**Exercise**
Drop every picture, then transcribe the remaining data exactly.

**Given material**
-=-=-

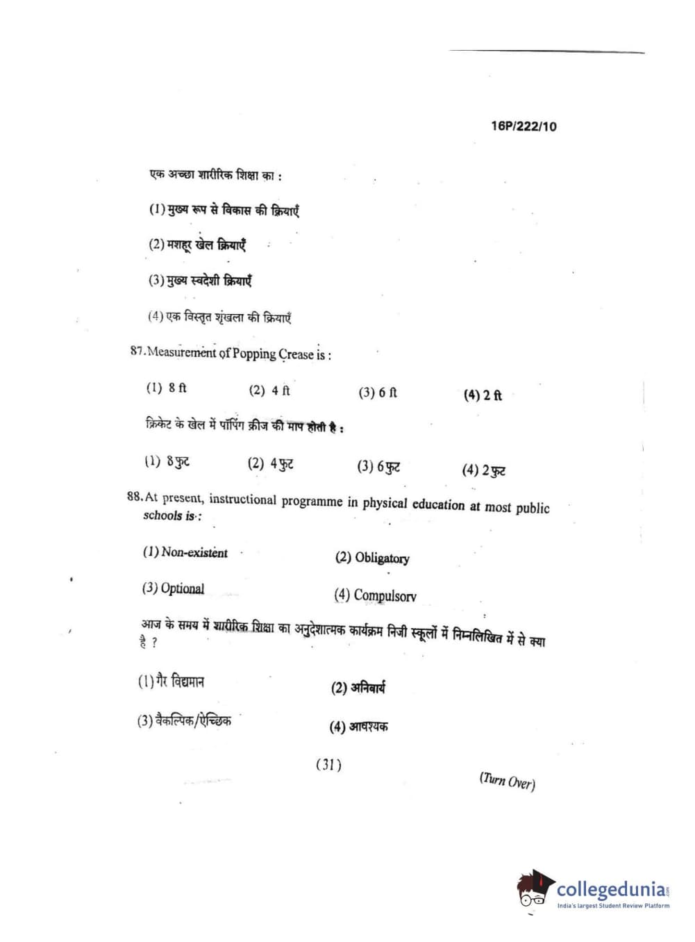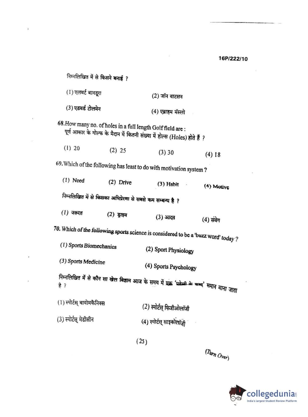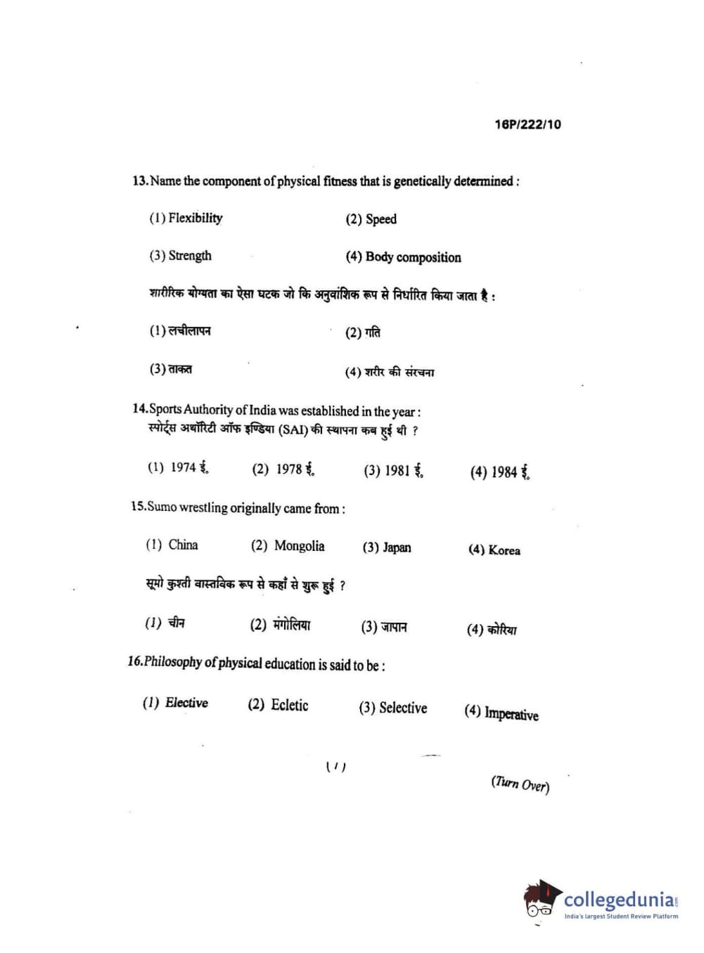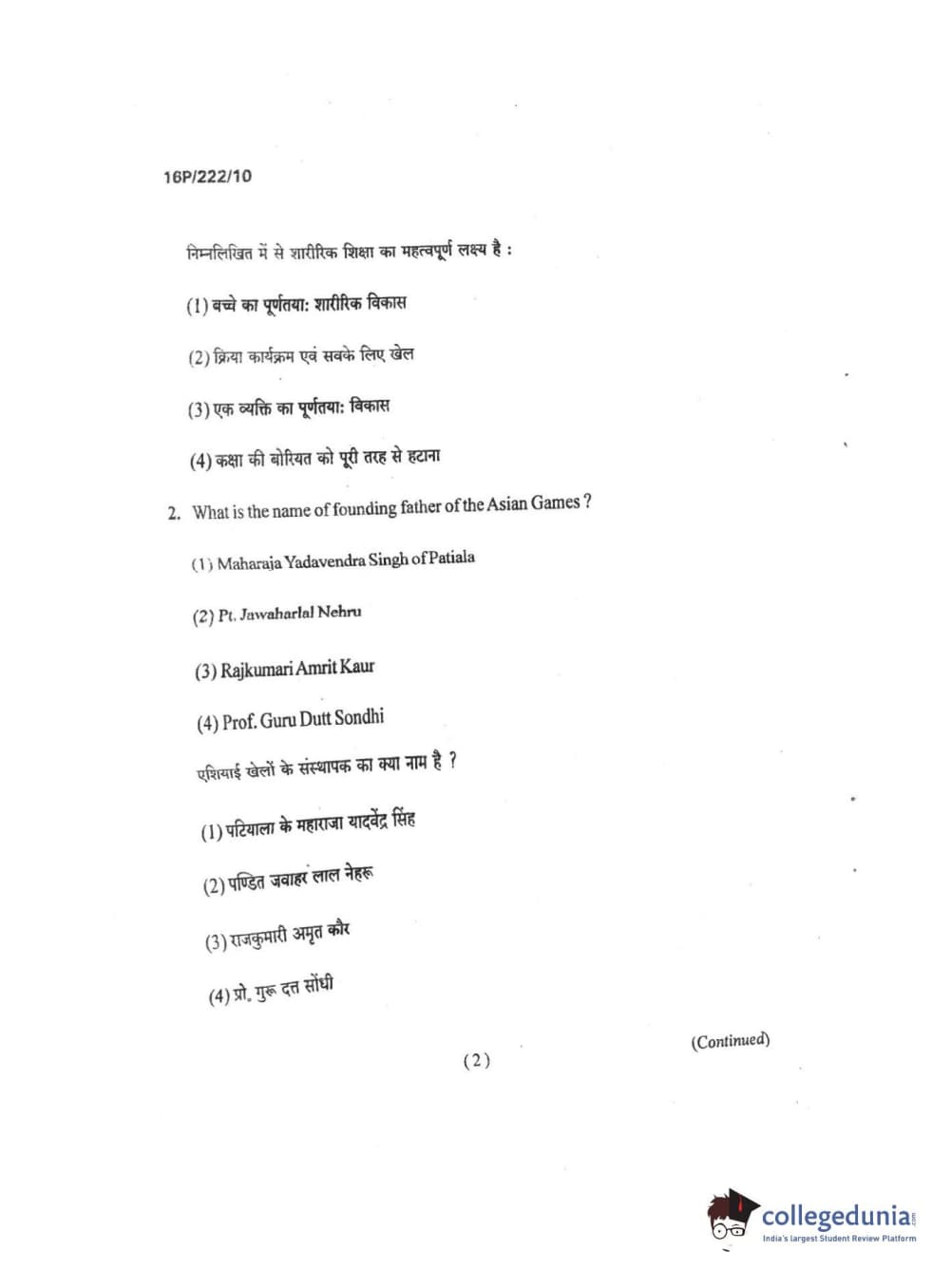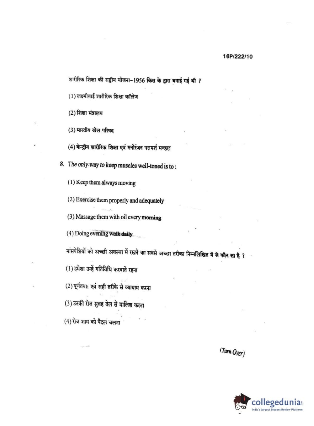 BHU PET 2016 M.P.ED Question Paper with Answer Key PDFs
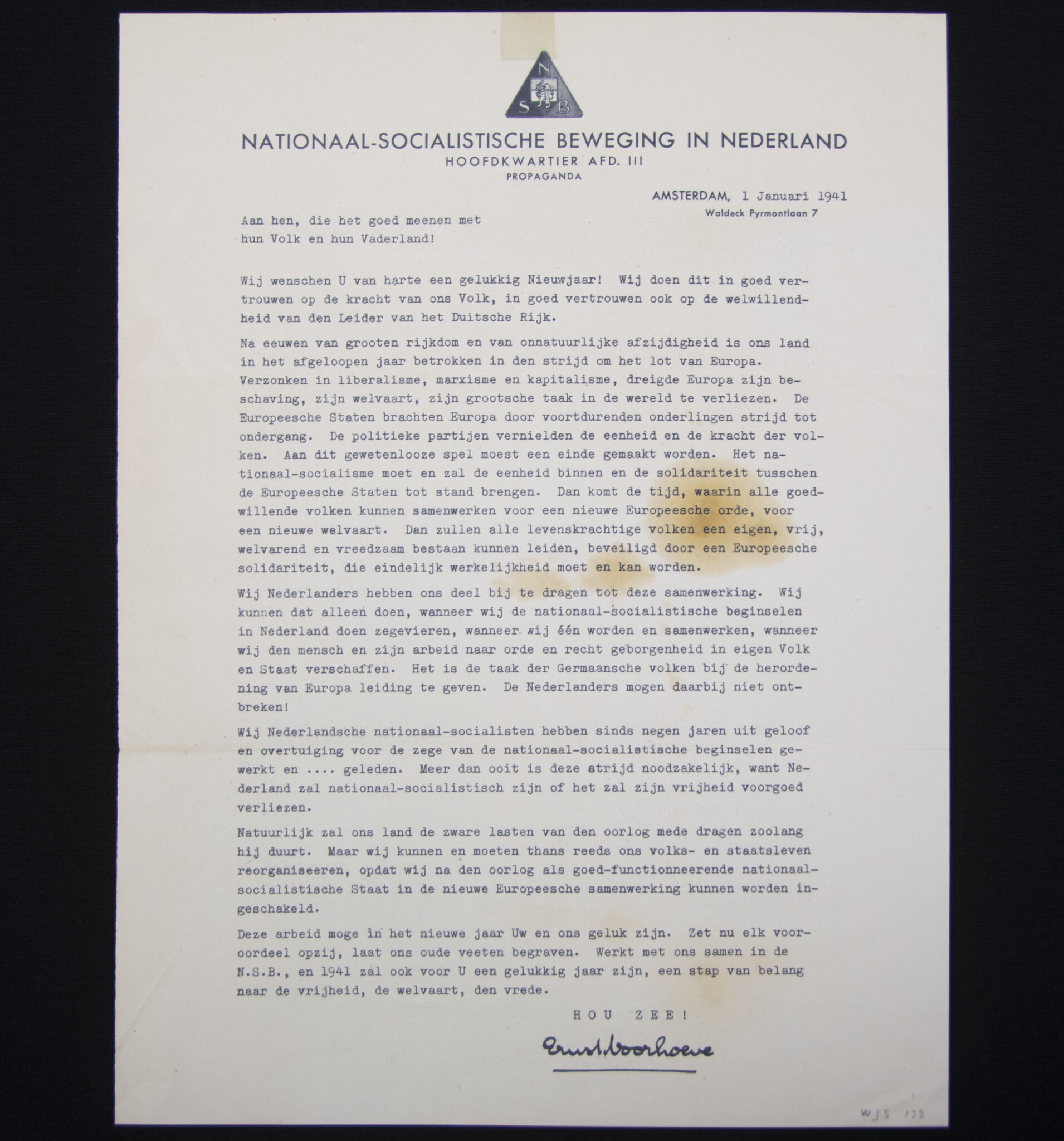 (NSB) Propaganda Letter by NSB speaker Ernst Voorhoeve (1941).
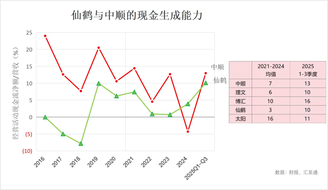 其次,从每100元营收给企业带来的现金流来看,仙鹤在2022-2023年经历了盈利的低谷,每100元营收带来的营业现金流竟然不足1元钱。中顺在2024年也经历了现金流亏损的局面,但随着2025年浆价长期处于历史较低位置(纸浆期货主力合约最大回撤23%,下行时间超8个月),当然也肯定离不开企业内部管理的提升、采销策略的调整等其他原因,中顺和仙鹤的现金生成能力得到了大幅的回暖——这样的趋势还需要更多时间观察。
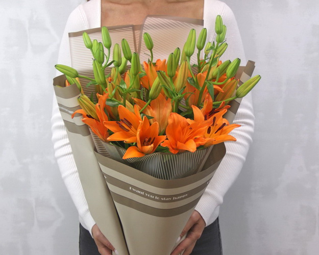 Cклад: лілія азіатська 7 шт., Плівка 2 шт., Стрічка 1 шт.

-=-=-

**Solution to this exercise**
 BHU PET 2016 M.P.ED Question Paper with Answer Key PDFs
 (NSB) Propaganda Letter by NSB speaker Ernst Voorhoeve (1941).
 其次,从每100元营收给企业带来的现金流来看,仙鹤在2022-2023年经历了盈利的低谷,每100元营收带来的营业现金流竟然不足1元钱。中顺在2024年也经历了现金流亏损的局面,但随着2025年浆价长期处于历史较低位置(纸浆期货主力合约最大回撤23%,下行时间超8个月),当然也肯定离不开企业内部管理的提升、采销策略的调整等其他原因,中顺和仙鹤的现金生成能力得到了大幅的回暖——这样的趋势还需要更多时间观察。
 Cклад: лілія азіатська 7 шт., Плівка 2 шт., Стрічка 1 шт.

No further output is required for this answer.